One relates to Exchange Act 10B, where Congress gave us authority to require reporting of large security-based swap positions. In 2021, we proposed a rule under Section 10B at the same time as we first proposed today’s rules for adoption.[3] Our work on that rule for possible adoption continues.

The other relates to swap execution facilities (security-based SEFs). In 2022, we proposed rules with regard to security-based SEFs.[4] Work continues on those potential rules as well. If adopted, they would increase the transparency and integrity of these markets.

Given these markets’ size, scale, and importance, it is critical that the Commission protect investors and market integrity through helping prevent fraud, manipulation, and deception relating to security-based swaps.
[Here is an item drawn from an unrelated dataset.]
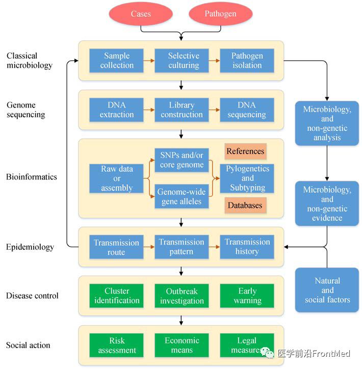 导读 在过去的十年里,借助基因组测序和数据分析技术的快速发展,使得细菌全基因组测序在常规监测实验室均可实现,也催生了细菌性传染病领域一个新的学科——基因组流行病学,以深入分析和解决传统流行病学和实验室手段不能解决的问题。中国疾病预防控制中心传染病预防控制所、传染病预防控制国家重点实验室徐建国院士、阚飙研究员团队于2018年1月9日在Frontiers of Medicine发表题为《全基因组测序改变细菌性传染病监测和调查模式》(Transforming bacterial disease surveillance and investigation using whole-genome sequence to probe the trace)的综述文章,阐述全基因组分型溯源技术在细菌性传染病监测和调查中的应用,提出病原细菌全基因组测序技术及其网络化和信息化的布局正在转变细菌性传染病的监测预警模式。 为了读者能快捷全面地了解相关科研进展,作者团队对这一综述做了翻译精编,内容全面,细节详实。全文2398字,读后有收获,有启发。点击篇末“阅读原文”,可阅读和下载英文综述全文。 导言 自从利用新的测序策略获得第一株细菌全基因组,至今已过去二十年,这期间,基因组测序和信息分析技术仍展现出了快速的发展,测序方法和序列读长都在迅速改善,原始测序与组装质量、序列数据挖掘分析策略和算法不断优化。通过微生物基因组序列比对分析,能够准确获得变异特征,这些序列变异特征可作为识别不同亚型的生物标记,并据此分析不同菌株间的遗传变异关系,为数字化重构菌株间的流行病学关联程度建立了分子基础。基因组信息在传染病监测和暴发调查研究中的应用可被定义为:根据基因组信息分析病原菌分离株之间的分子流行病学关系,结合社会信息、自然与地理信息等,重构传播链,协助分析解释传染病的发生和扩散,对疫情进行溯源,进而明确传染病的发生模式(图1)。目前分离株基因组比对主要有两种方法,分别是基于序列的全基因组/核心基因组单核苷酸多态性(SNP)、基于来自全基因组/核心基因组的多位点序列分型(MLST)。利用病原细菌分离株的基因组序列,可在下述几个方面发挥作用。 图1 细菌性传染病暴发调查和监测分析中基因组流行病学研究的一般流程。

Today’s set of rules will do just that.

I’d like to thank the members of the SEC staff who worked on these final rules, including:

  • Haoxiang Zhu, Andrea Orr, David Saltiel, Carol McGee, John Guidroz, Rajal Patel, Pam Carmody, and Will Miller in the Division of Trading and Markets.
  • Jessica Wachter, Oliver Richard, Juan Echeverri, Y.C. Loon, Charles Woodworth, and Robert Girouard in the Division of Economic and Risk Analysis;
  • Meridith Mitchell, Malou Huth, Robert Teply, Donna Chambers, Sean Bennett, Rachel McKenzie, Laura Jarsulic, and Stephen Ng in the Office of the General Counsel;
  • Joshua Brodsky, Armita Cohen, Gregory Smolar, and Stephanie Reinhart in the Division of Enforcement;
  • Adam Turk and Andrew Schoeffler in the Division of Corporation Finance; and
  • Vivi Mazarakis, Carrie O’Brien, and Bradley Abel in the Division of Examinations.

ENDNOTES

[1] See Securities and Exchange Commission, “Implementing the Dodd-Frank Wall Street Reform and Consumer Protection Act” (April 11, 2023), available at https://www.sec.gov/securities-topics/dodd-frank-act. This number relates only to rules under Dodd-Frank. It includes today’s two rules for adoption (one of which is mandatory) as well as the 26 previously adopted mandatory rulemakings included at the link.

[3] See Securities and Exchange Commission, “SEC Proposes Rules to Prevent Fraud in Connection With Security-Based Swaps Transactions, to Prevent Undue Influence over CCOs and to Require Reporting of Large Security-Based Swap Positions” (Dec. 15, 2021), available at https://www.sec.gov/news/press-release/2021-259.

[4] See Securities and Exchange Commission, “SEC Proposes Rules for the Registration and Regulation of Security-Based Swap Execution Facilities” (April 6, 2022), available at https://www.sec.gov/news/press-release/2022-59.

This statement was issued on June 7, 2023, by Gary Gensler, chair of the U.S. Securities and Exchange Commission.